The Democratic Union Party, known as the PYD, took control of parts of northeast Syria in late 2012, and later established the Autonomous Administration, which now exercises de facto control over the region. Since January 2018, the local police, known as Asayish, and military, the People’s Protection Units, have arrested at least 20 members of opposing political parties, according to local human rights and media organizations. Ten of the arrested remain detained or their whereabouts are unknown, while the others have been released.
In three cases Human Rights Watch investigated, the Autonomous Administration, and the Asayish, would not tell people seeking information about their missing relatives where they were or allow any communication with the detainees. The relative of one person forcibly disappeared in March 2017 whose whereabouts are still unknown, said:
We visited the Asayish, and others. We visited the Asayish prisons – and there are many here. They keep denying that they took him. And how is that possible? I told them, did a plane from the sky pick him up? Or did the ground crack up and take him?… I’d argue with them, tell them, okay, you didn’t take him? Well, find him.”
In two other cases, it was only confirmed after their release that they had been in Asayish custody. The Asayish had denied holding them or knowing where they were when family members had been looking for them.
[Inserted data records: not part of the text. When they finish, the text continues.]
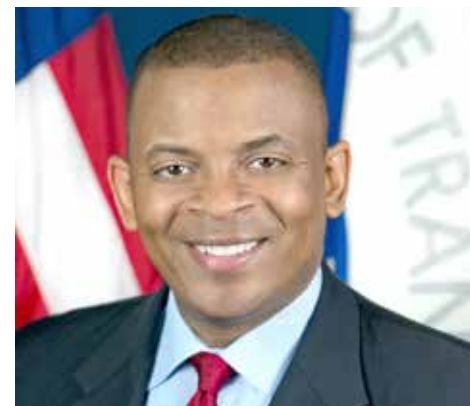
U.S. Transportation Secretary Anthony Foxx

The GROW AMERICA Act would authorize $5 billion over four years for much-needed additional TIGER funding to help meet the overwhelming demand for significant infrastructure investments around the country and provide the certainty that states and local governments need to properly plan for investment. The $302 billion, four year transportation reauthorization proposal would provide increased and stable funding for the nation's highways, bridges, transit, and rail systems without contributing to the deficit. The GROW AMERICA Act also includes several critical program reforms to improve the efficiency and effectiveness of federal highway, rail, and transit programs.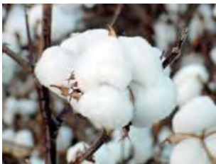
The burst cotton boll with protruding seed fibres.

Cotton yarn is manufactured from the long seed fibres of the cotton boll.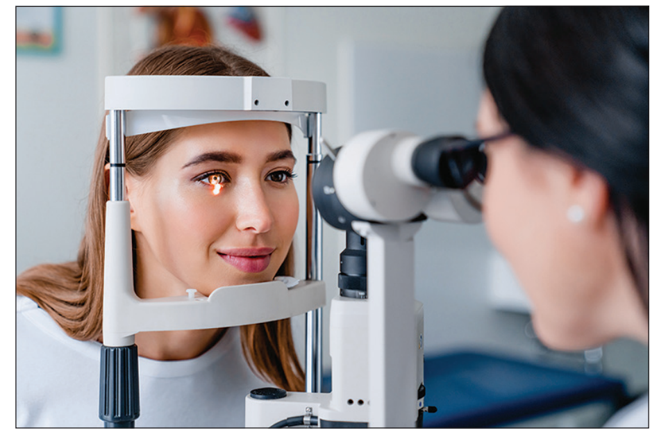
Despite the significance of eye exams, many people do not visit an eye doctor until something is amiss with their vision or eyes. If people know what to expect they may decide to schedule an exam. METRO CREATIVE PHOTO Health & Fitness

time they step into a private eye doctor's office or a vision center, courtesy of The Cleveland Clinic and Warby Parker.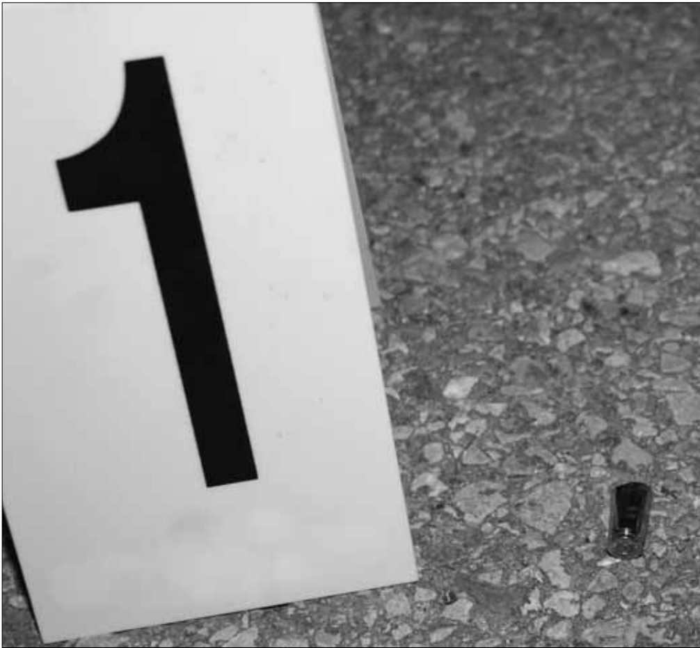
Figure 1–7 A bullet in a murder case is only circumstantial evidence without more evidence that a crime has been committed.

Bullets generate secondary conclusions rather than primary ones in a direct sense. A case of recent prominence involving Thomas Capano, the former Delaware Deputy Attorney General, who killed the Governor of Delaware’s secretary, Anne Marie Fahey, is an instructive example of a conviction based solely on circumstantial means. No body ( corpus delicti ) was ever discovered. But motive, opportunity, blood, fibers, and a diary—all of which are circumstantial—were convincing enough for a jury to not only find guilt, but to also issue the death penalty.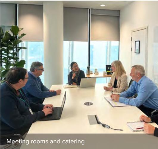
Meeting rooms and catering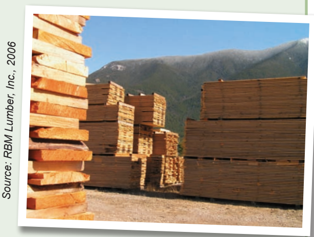
Selected & stacked lumber

entire ecosystem, the Thompson's strive to create the smallest amount of disturbance to any location they work. Their care can be seen in the places they have logged. "We are dedicated to meeting the needs of the company and our customers without compromising the health and stability of the areas in which we work," says Ben. And by milling salvage trees, the company produces wood products with extraordinary variety of character and color.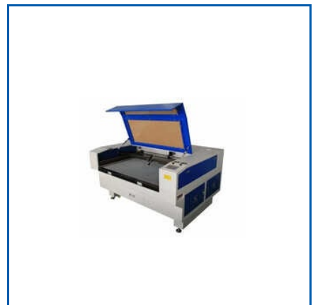
CO2 LASER CUTTING MACHINE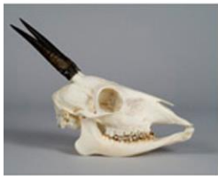
Real Skulls and Skeletons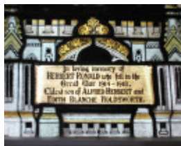
White Hills Anglican Church, Faithful Knight inscription, Brooks, Robinson & Co., c1918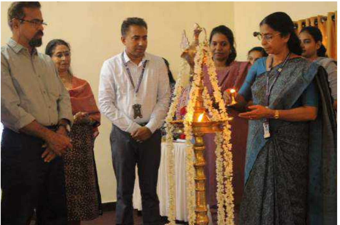
Figure 10 Lamp Lighting Ceremony

The daughter of one detainee, her uncle, and his lawyer said they made at least five in-person attempts to gain information about his whereabouts, including visiting the Asayish central prison in Qamishli, reaching out to the Asayish Complaints Section, and visiting the Asayish Headquarters. They said they also made numerous calls to contacts and to the Asayish. The family members said that the Asayish either denied holding him or did not respond.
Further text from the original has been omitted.